Noch ehe es weitere Worte brauchte, zog René Mona derb und besitzanzeigend vom Barhocker an sich, leerte den Rest ihres Cocktails und stellte das Glas betont langsam wieder auf dem Tresen ab. Den unansehnlichen Typen an der Bar fest im Blick, glitt Renés Hand sanft durch den Schlitz unter Monas Kleid, zwischen ihre Schenkel und riss ihr den winzigen String-Tanga vom Leib. Er hielt sich die zerfetzte Trophäe vor die Nase und sog den Duft tief und genüsslich ein.

„Lass uns von hier verschwinden! Für das, was ich eigentlich mit dir vorhatte, sind heute Nacht die falschen Leute im Club. Aber ich habe da eine noch viel bessere Idee. Komm, mein kleines geiles Kaninchen, die Limousine wartet schon auf uns! Du darfst gespannt sein.“

2

19. Juni, Berlin, Kink Klub, 5:32 Uhr

„Kommissarin Katz, sind Sie okay?“

Mona zuckte zusammen und blickte auf ihre Armbanduhr. Die Erinnerung an die vergangenen Stunden riss ab und es klang in ihren Ohren wie das lose trudelnde Ende einer Filmrolle. Genau wie immer, wenn Monas Tinnitus sie unter Stress mit bizarren Ohrgeräuschen nervte. Das hier war mehr. Viel mehr.

„Coitus interruptus“, also unterbrochener Geschlechtsakt. Früher hatte sich Mona schon oft über diese Wortkreation amüsiert. Als wäre Geschlechtsverkehr ein Dauerzustand, den man nur dann und wann unterbricht. Schön wärs, dachte sie da jedes Mal. Im Moment kochte sie vor Zorn über ihre Blödheit, das Diensthandy in ihrer Urlaubswoche nicht ausgestellt zu haben. Es klingelte vor einer knappen Stunde. René und sie im Bett gerade in einer Stellung, für die jeder Kampfrichter beim Eiskunstlaufen ohne Zögern eine „6.0“ gezogen hätte. Der Name auf dem Display aktivierte im Bruchteil einer Sekunde alle Reflexe. Raus aus dem Bett, duschen, kämmen, Klamotten an. Wie so oft, stand der Dienstwagen mit laufendem Motor schon vor Monas Haus. Dass sie aus einer Nebenstraße angehetzt kam, interessierte den Fahrer nicht. Diese Nacht meinte es nicht gut mit Mona.
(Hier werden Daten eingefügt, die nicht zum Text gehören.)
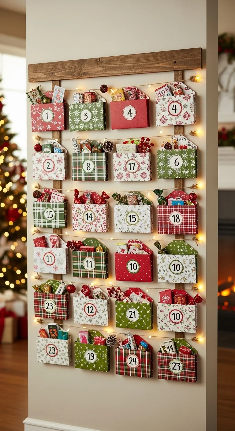 Create your own Advent calendar using small envelopes or paper bags. Hang them on a string with mini clothespins. Fill each with treats or tiny notes. It’s a fun project and doubles as decor.
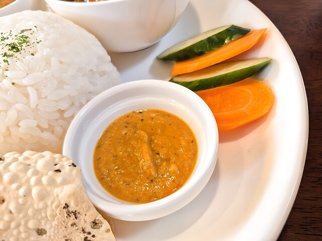 ダルカレーは豆の風味がやわらかく、後からスパイスがじんわりと広がる。

Der Polizeibeamte hielt noch immer die fußseitig gummierten, blauen Papierüberzüge für die Schuhe direkt vor Monas Gesicht. An Absperrungen entlang ging es dann durch einen riesigen Raum, in dem Menschen in albernen Sachen bei flutlichtartiger Beleuchtung umherirrten oder hilflos in Grüppchen beieinander saßen. Monas selbstdunkelnde Brillengläser waren in Sekundenbruchteilen fast schwarz geworden. Das weckte bei dem Polizisten anscheinend eine Art Blindenreflex. Er packte sie am Ellenbogen und sagte unnötig laut: „Hier entlang bitte!“

Quer über die gläserne Tanzfläche, vorbei an futuristisch gestylten Bars, den Ringermatten und Liebesschaukeln gelangte Mona zum hinteren Bereich.
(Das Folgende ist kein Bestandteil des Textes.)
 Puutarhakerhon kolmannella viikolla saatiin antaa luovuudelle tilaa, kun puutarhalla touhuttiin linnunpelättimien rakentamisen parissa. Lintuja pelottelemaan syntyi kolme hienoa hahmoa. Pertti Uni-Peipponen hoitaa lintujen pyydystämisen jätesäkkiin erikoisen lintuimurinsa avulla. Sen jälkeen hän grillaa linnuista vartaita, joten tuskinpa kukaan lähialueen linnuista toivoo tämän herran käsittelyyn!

„In einem der Spielzimmer, den Playrooms, wie die das nennen, ist ein ungewöhnlicher Mord passiert“, sagte der Kriminalbeamte aufgeregt.

Schon klar, dachte sich Mona. Für einen gewöhnlichen Mord hätte man mich ja auch nicht aus dem Urlaub geholt.Dochsie verkniff sich den Kommentar. Auch hatte sie keine Lust, den Beamten über ihren korrekten Dienstgrad und ihre Funktion als Sonderermittlerin des BKA aufzuklären. Die abgehobene Art, mit der das BKA zuweilen an Tatorten auftauchte und den normalen Kriminalbeamten ihre Fälle wegschnappte, war nicht ihr Ding. Monas frühere Jahre beim LKA Leipzig, Dezernat für Personendelikte, hatten sie dahingehend sehr geprägt.

Das kurze Aufstieben des Talkums beim Überstreifen der Latexhandschuhe stimmte Mona auf das ein, was sie erwartete. Niemanden wunderte die angeödete Miene, mit der sie ihrer Kollegin von der Spurensicherung hinterherschlurfte.

„Die Alte hat dich bestimmt höchstpersönlich aus’m Bettchen jetrommelt, richtig? Ick hab schon jehört. Tut mir leid! Bist eben det Ass im Ärmel, weeßte ja!“, berlinerte Tina Schliebe hinter ihrem Mundschutz. Deren weiße Ganzkörperkombi aus Spezialpapier weckte in Mona plötzlich äußerst seltsame Assoziationen.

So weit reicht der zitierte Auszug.